Problem description:
Starting with the line that has "The 8″ multimedia" in the records below and ending with the line that has "Beim Hochladen einer", output those lines exactly and nothing more; omit the pictures.

Data section:

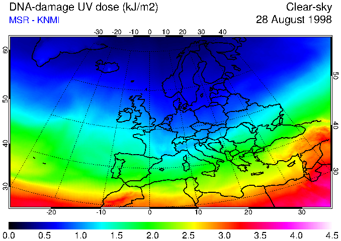DNA-damage UV dose of 28 August 1998
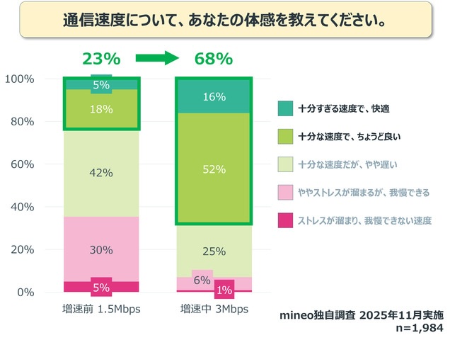 今回、その最大3Mbpsに増速するトライアルにおいてアンケートを実施し、最大1.5Mbpsでは「十分すぎる速度で、快適」および「十分な速度で、ちょうど良い」がそれぞれ5%と18%で合計23%だったのに対し、最大3Mbpsに増速した場合にはそれぞれ16%と52%で合計68%になったとし、動画コンテンツが主流化した今、1.5Mbpsでは少し物足りないと感じていた人も最大3Mbpsならより快適に利用できると判断して正式に最大3Mbpsで提供開始することになったということです。
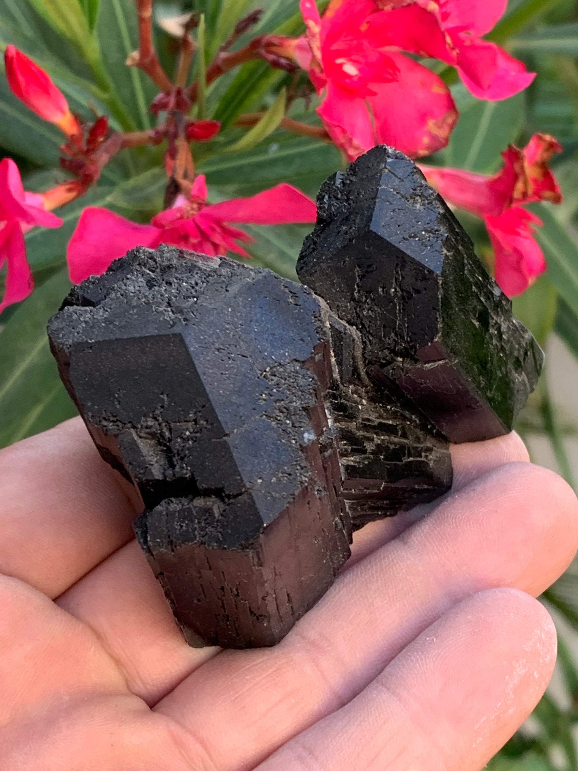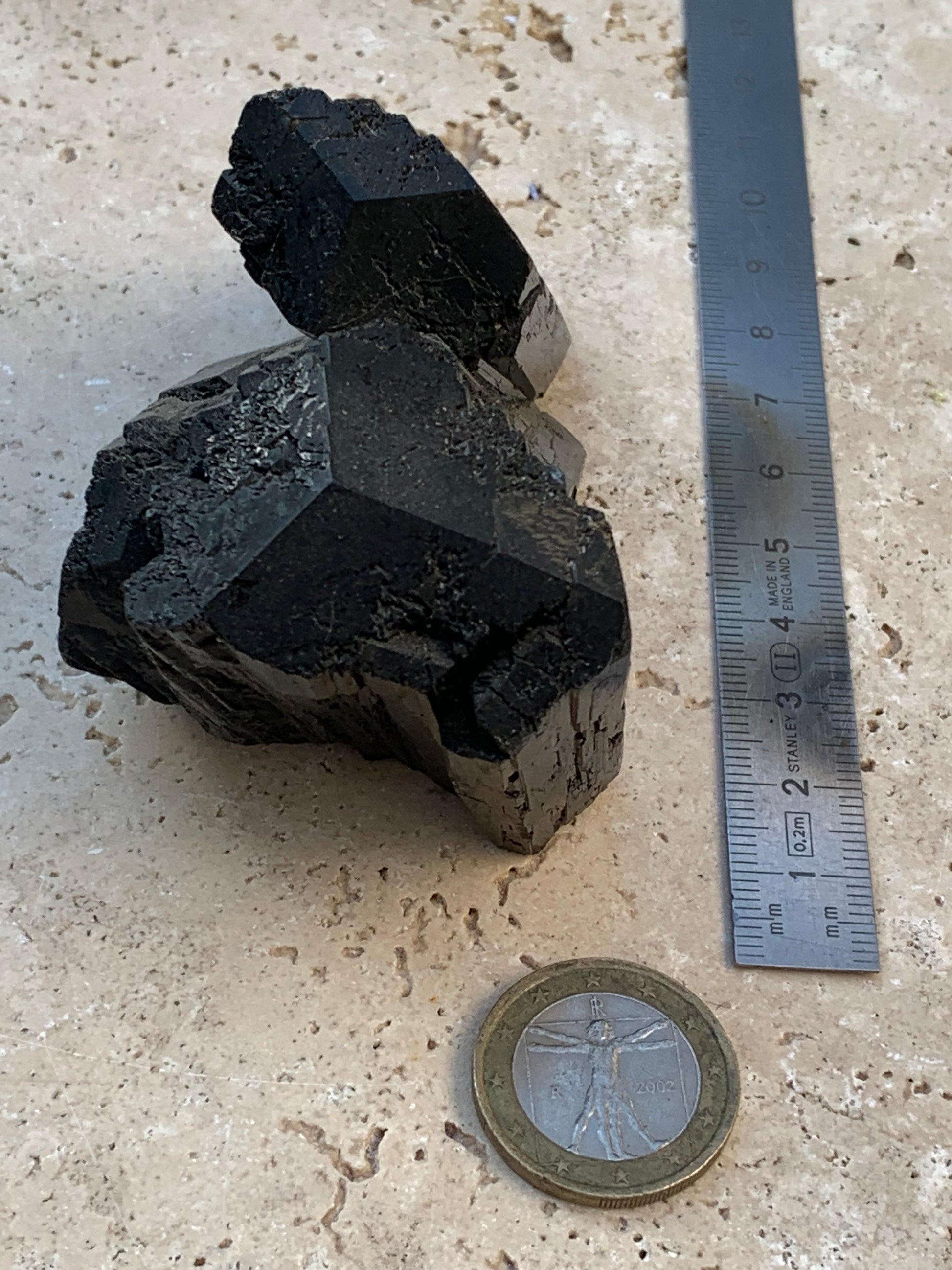Tourmaline noire, spécimen naturel, macle de 92 x 65 x 50 mm - 263,8 grammes. Une très belle pièce avec plusieurs têtes à 3 faces !
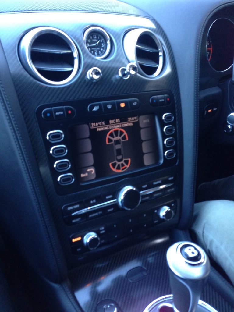 The 8″ multimedia touch screen is nestled between large buttons that control the climate settings and media options, below the analogue Breitling clock. Next to each of the air vents are the retro push/pull knobs to open and close the vent and allow or stop the flow of air. A nice, traditional touch.
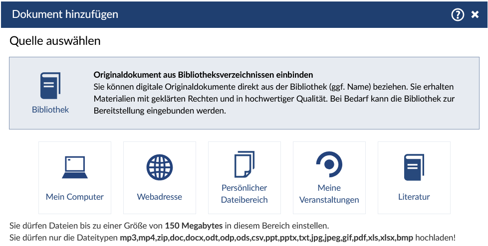 Beim Hochladen einer Datei können Sie aus mehreren Dateiquellen auswählen. Sie können Dateien laden
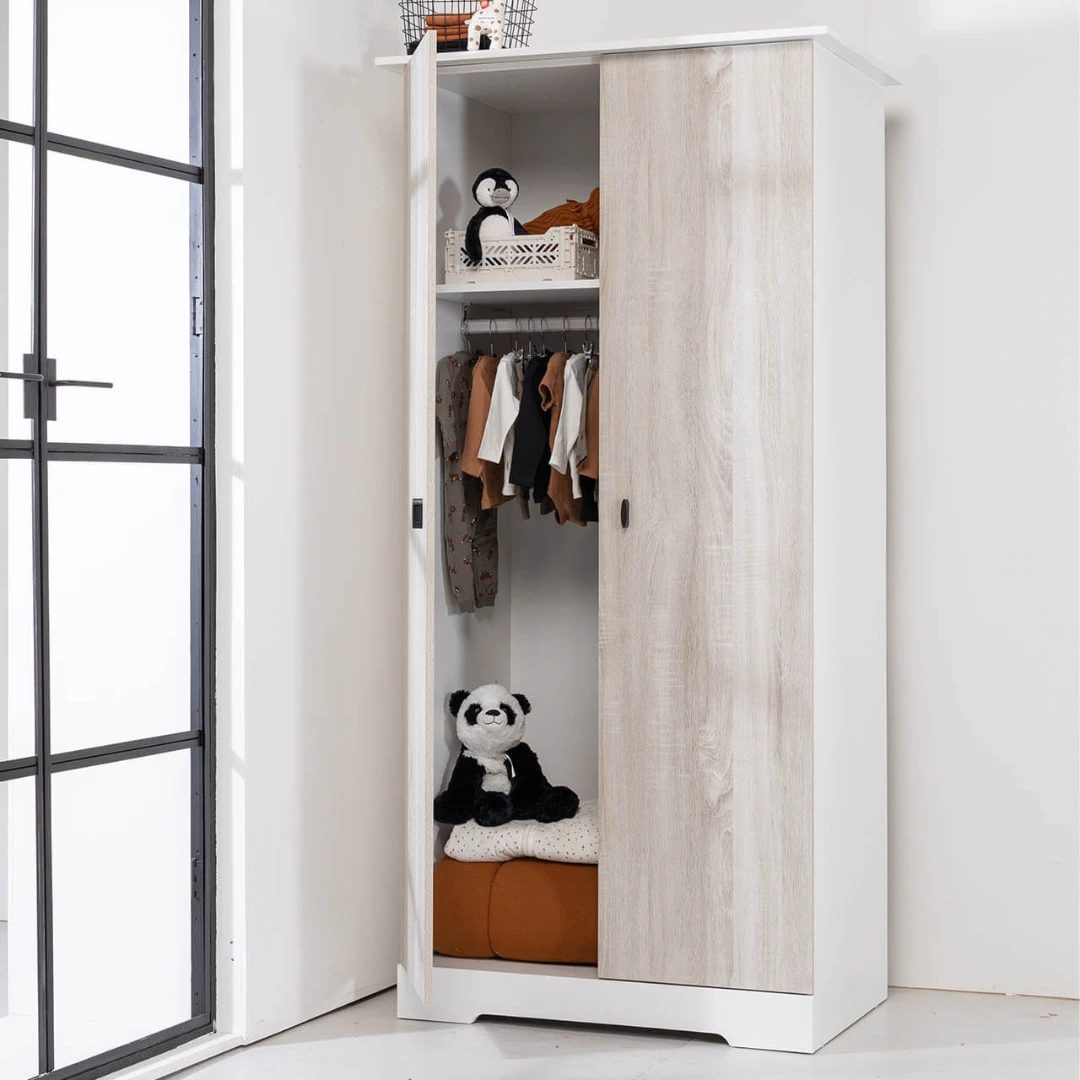 The New Verona Wardrobe in White/Ash is part of Babystyles Charnwood collection. Featuring full length doors, with internal shelf and hanging rail, this modern design is stylish yet practical.
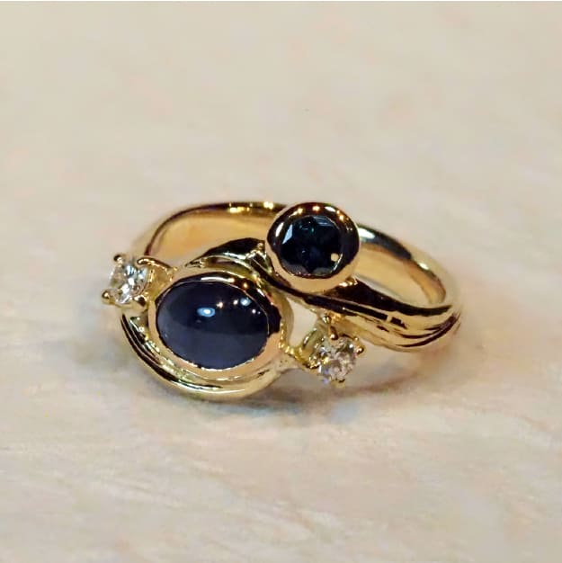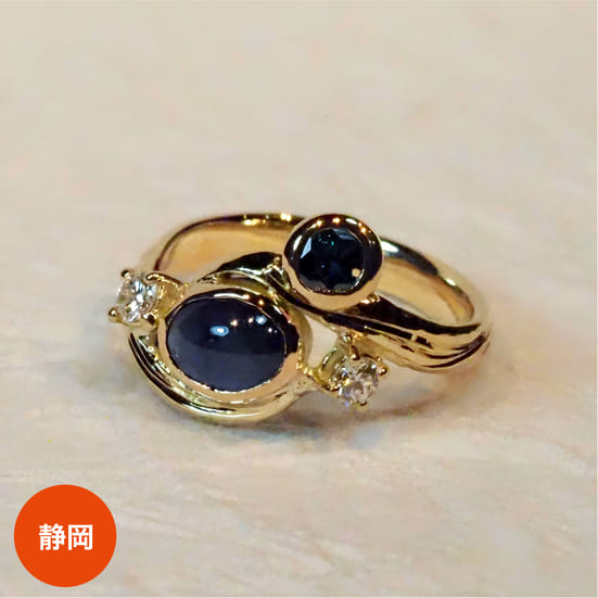 スリランカ産サファイアと希少なブルーダイヤモンドを使い、星が零れ、降り注ぐような夜を表現しました。伝統工芸の技術とアートな表現。地金を叩き、彫り、磨いて仕上げる。全ての行程がハンドメイドだからこそ、そこには一点物の美しさが宿ります。
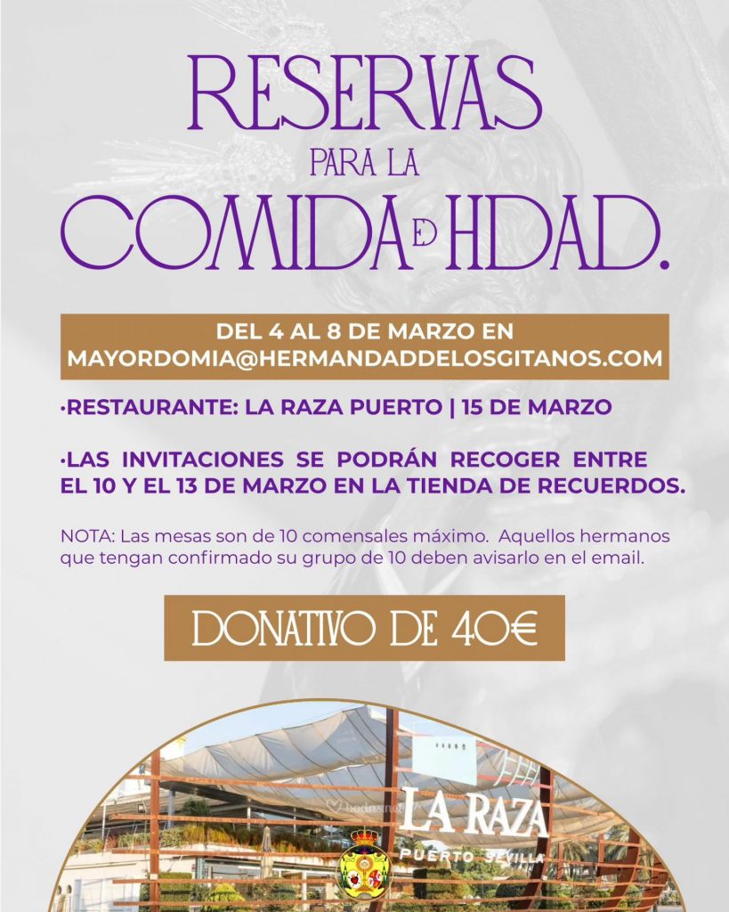Del 4 al 8 de marzo en mayordomia@hermandaddeloagitanos.com puedes realizar la reserva de la Comida de Hermandad. La recogida de invitaciones será del 10 al 13 de marzo en la Tienda de Recuerdos de la Hermandad.
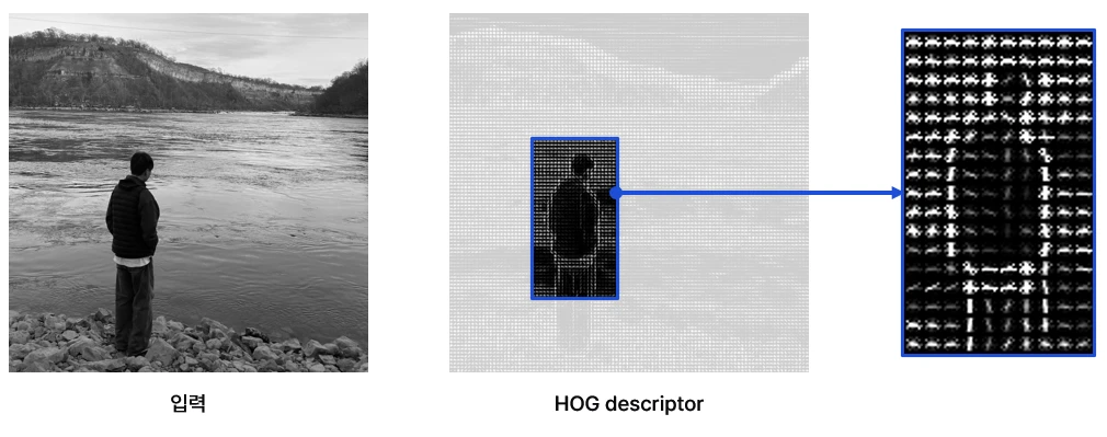 계산된 descriptor는 SVM에 입력되기 전 detection window로 조각조각 나눠져요.
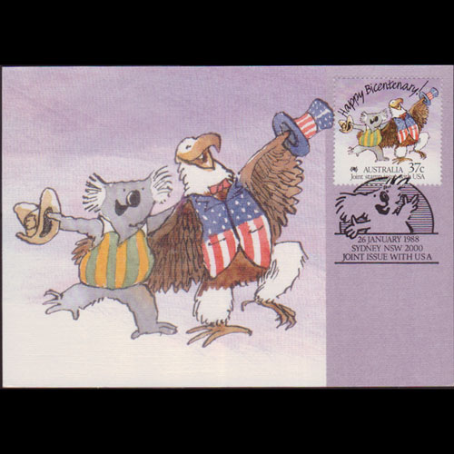 | 说明:贴澳洲200年-考拉和白头雕1全。首日纪念戳。 |

Result for this task:
 The 8″ multimedia touch screen is nestled between large buttons that control the climate settings and media options, below the analogue Breitling clock. Next to each of the air vents are the retro push/pull knobs to open and close the vent and allow or stop the flow of air. A nice, traditional touch.
 Beim Hochladen einer Datei können Sie aus mehreren Dateiquellen auswählen. Sie können Dateien laden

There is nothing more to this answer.